Books and Publications:
- Wilhelm Iwan, Um des Glaubens willen nach Australien, Breslau: Verlag des Lutherischen Büchervereins, 1931
- Wilhelm Iwan, Because of their beliefs: emigration from Prussia to Australia [Uniform title: Um des Glaubens willen nach Australien (Engl.), 1931], David Schubert (trl. and ed.), Highgate, South Australia: H. Schubert, 1995. ISBN 0-646-25324-7

This book relates the story of the emigration of Prussian so-called Old Lutherans to Australia during the period of 1830 to 1850.

- Wilhelm Iwan, Das verfluchte Gold: Selbsterlebnisse unter deutschen Goldgräbern in Australien, Chemnitz: Werner Böhm, 1935; reprint by Adelheid Iwan, Kiel: 1991.

A book of Australian stories based on his personal experiences and the experiences of his Australian acquaintances.

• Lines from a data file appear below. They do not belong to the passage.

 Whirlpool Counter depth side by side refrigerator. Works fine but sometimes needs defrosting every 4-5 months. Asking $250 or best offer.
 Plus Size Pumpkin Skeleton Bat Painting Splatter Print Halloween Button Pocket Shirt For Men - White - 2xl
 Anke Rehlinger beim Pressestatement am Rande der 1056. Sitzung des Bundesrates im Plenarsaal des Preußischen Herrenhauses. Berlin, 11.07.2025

This book was to be used as the basis for a movie starring Hans Albers. What came of these plans is not known.

- Wilhelm Iwan, Die Altlutherische Auswanderung um die Mitte des 19. Jahrhunderts: Eine Episode deutscher Auswanderung: 2 vols. (i.e. The Old Lutheran Emigration at the Middle of the 19th Century), Johann-Heß-Institut Breslau (ed.), Ludwigsburg: Eichhornverlag Lothar Kallenberg, 1943, vol. II Appendix (list and statistics of emigrants).

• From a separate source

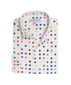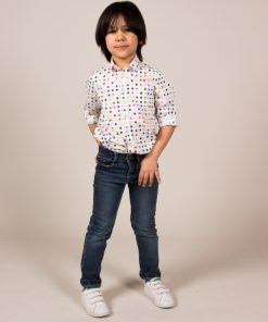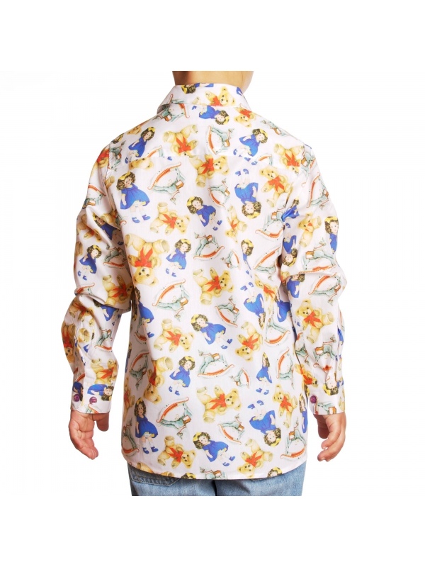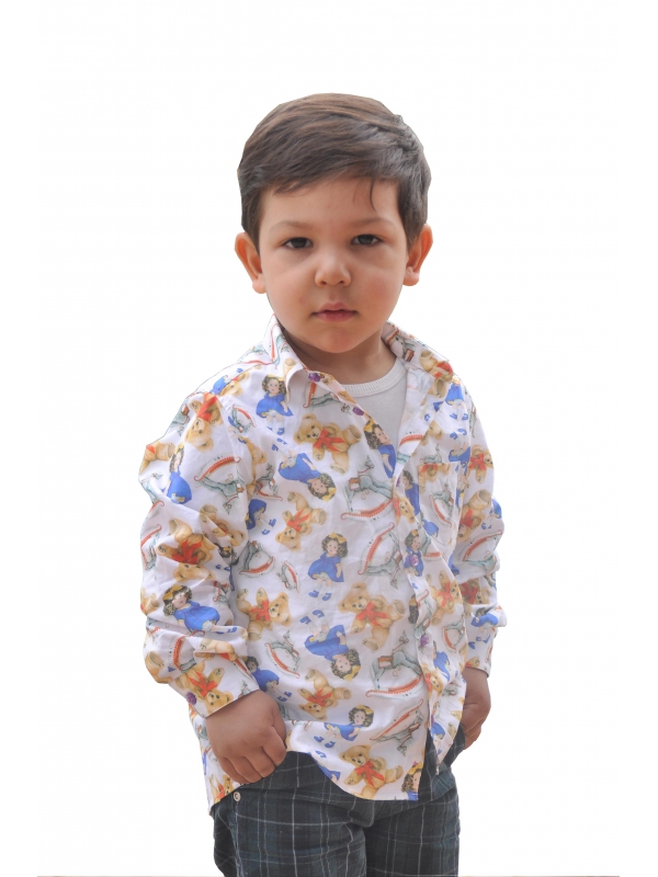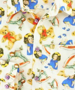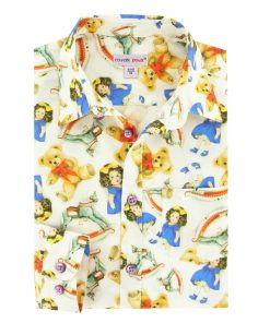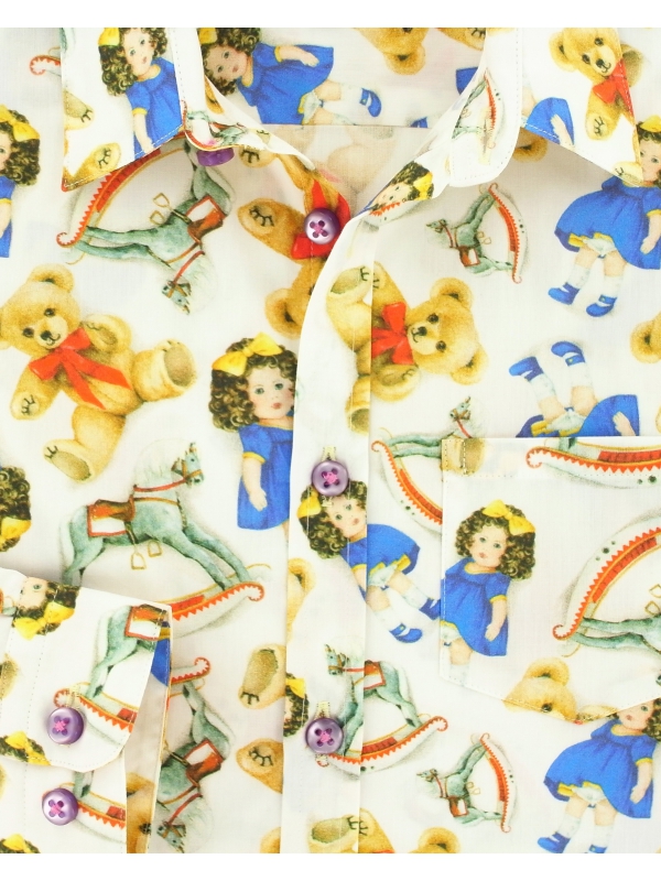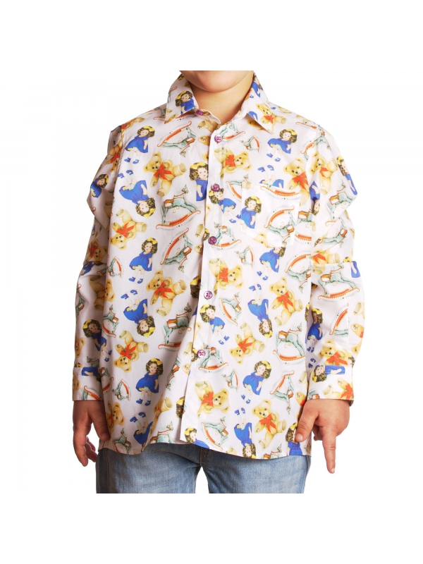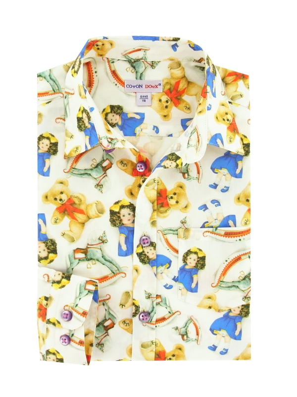 Romantic children will wear this adorable shirt with old toy pictures. Very chic, with its little collar, its contrasting buttonhole and its double-buttoned cuffs, it will go wonderfully well with white trousers this summer.

In this book he documents the emigration of Prussian Lutherans to America in the middle of the 19th century. He includes extensive emigrant lists which have become a valuable resource for genealogical research.

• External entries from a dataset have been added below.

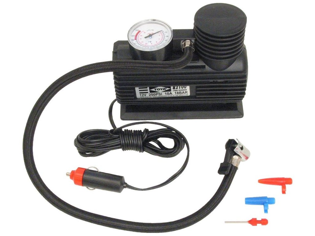 doplňující parametr: manometr 250PSI/1,7MPa, délka napájecího kabelu 3m,připojení do autozásuvky 12V, vzduchová hadička 0,5m, 3 typy koncovek, CE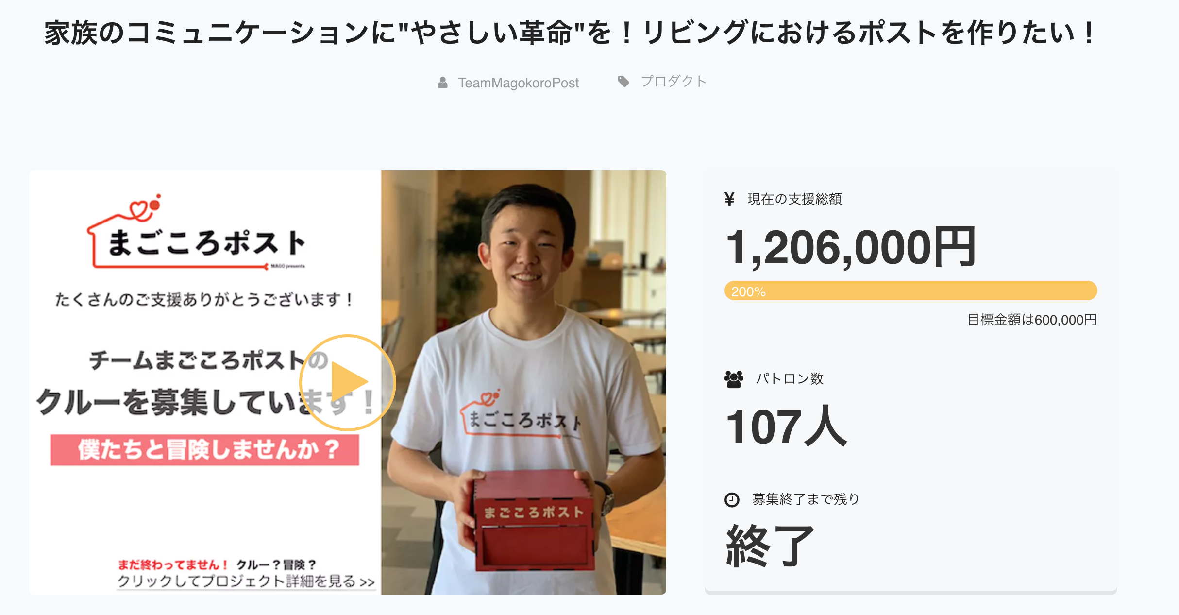 Ryukyufrogs半年間の成果発表の場であるLEAP DAYで、まごころポストを発表し、同時に製品化のためのクラウドファンディングを開始しました。その結果、3時間で目標金額を達成、最終的には200%の資金が集まりました。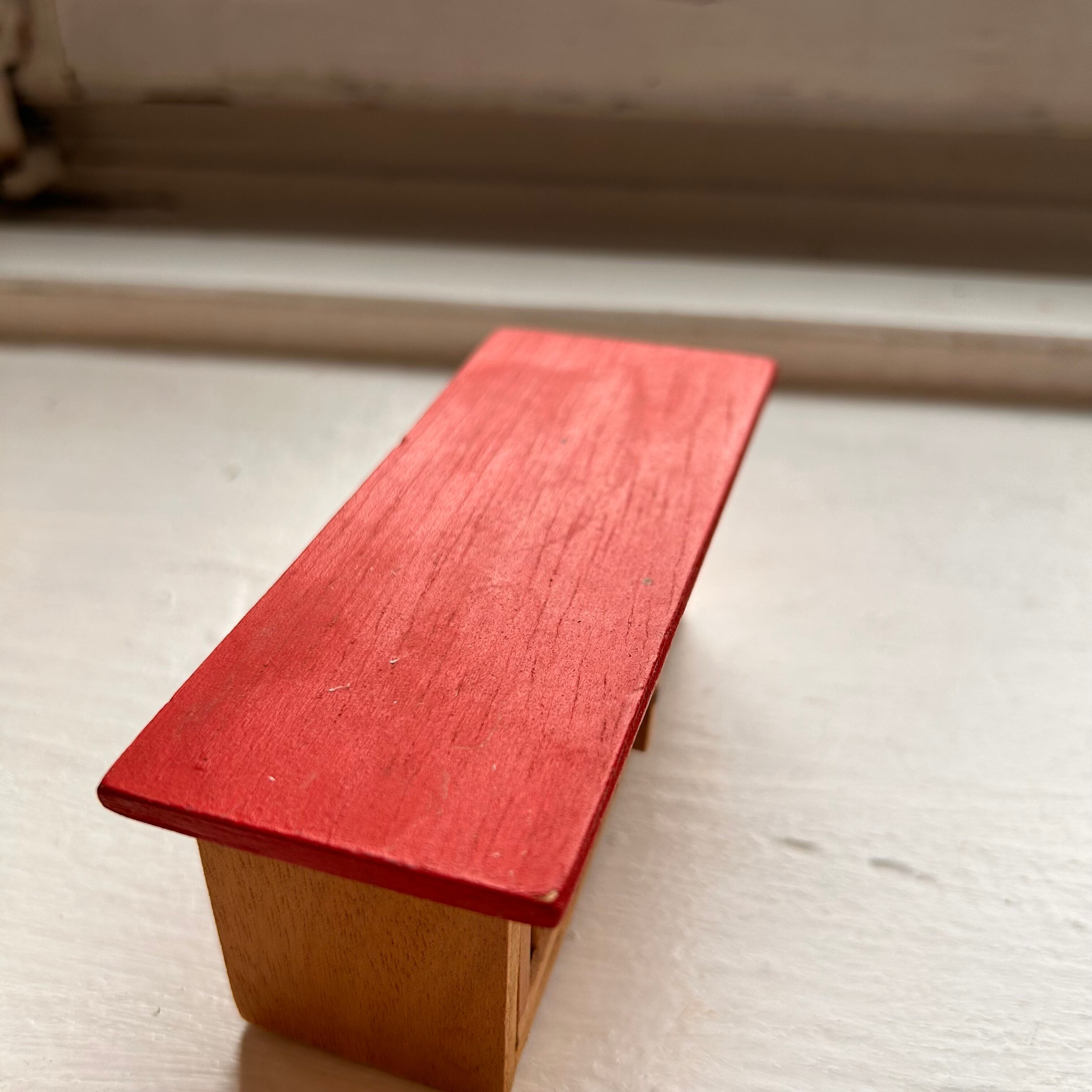 状態など:小屋の扉が中に入ってしまいます(写真5)。柵の1本を持って前に引くことが出来ます。写真で写しにくいのですが、小屋のてっぺんにうっすらとしたシミがあります(写真9)。

- Wilhelm Iwan, Die religiösen Wanderungen in Schlesien, Jahrbuch des Vereins für Schlesische Kirchengeschichte XXIX.Band, Liegnitz: Oscar Heinze, Buchdruckerei und Verlagsanstalt, 1939 .

In this publication he documents the migrations of groups into and out of Schlesien over the time period between 1630 and 1939. He details the religious and political events and influences which motivated the establishment of German settlements in this region.

===Refugee===
In 1939, he retired and moved to Breslau hoping for some peaceful years, but at the end of January 1945, towards the end of World War II, as the Russian army was moving into Silesia, he was forced to flee his city on foot taking his ailing wife and his children with him, pulling his luggage behind him on a small sled, leaving behind his books, manuscripts, collections, and property. After several stops, he and his family were fortunate to be taken aboard a hospital train in May 1945, and made the dangerous journey to Lindau on Lake Constance. From there, the refugee office sent them along with other displaced civilians to Wohmbrechts. There they lived under the sponsorship of a farmer by the name of Reichart. Iwan had to earn his keep but was also well treated for five years by the family.

At the age of 80, he succeeded in finding a new home in Wangen im Allgäu where he died on May 27, 1958, aged 86. He is buried together with his wife in the local Sankt Wolfgang cemetery.

===Places named after Wilhelm Iwan===
A street in Hamburg, the Wilhelm-Iwan-Ring in the suburb of Allermöhe, is named after him.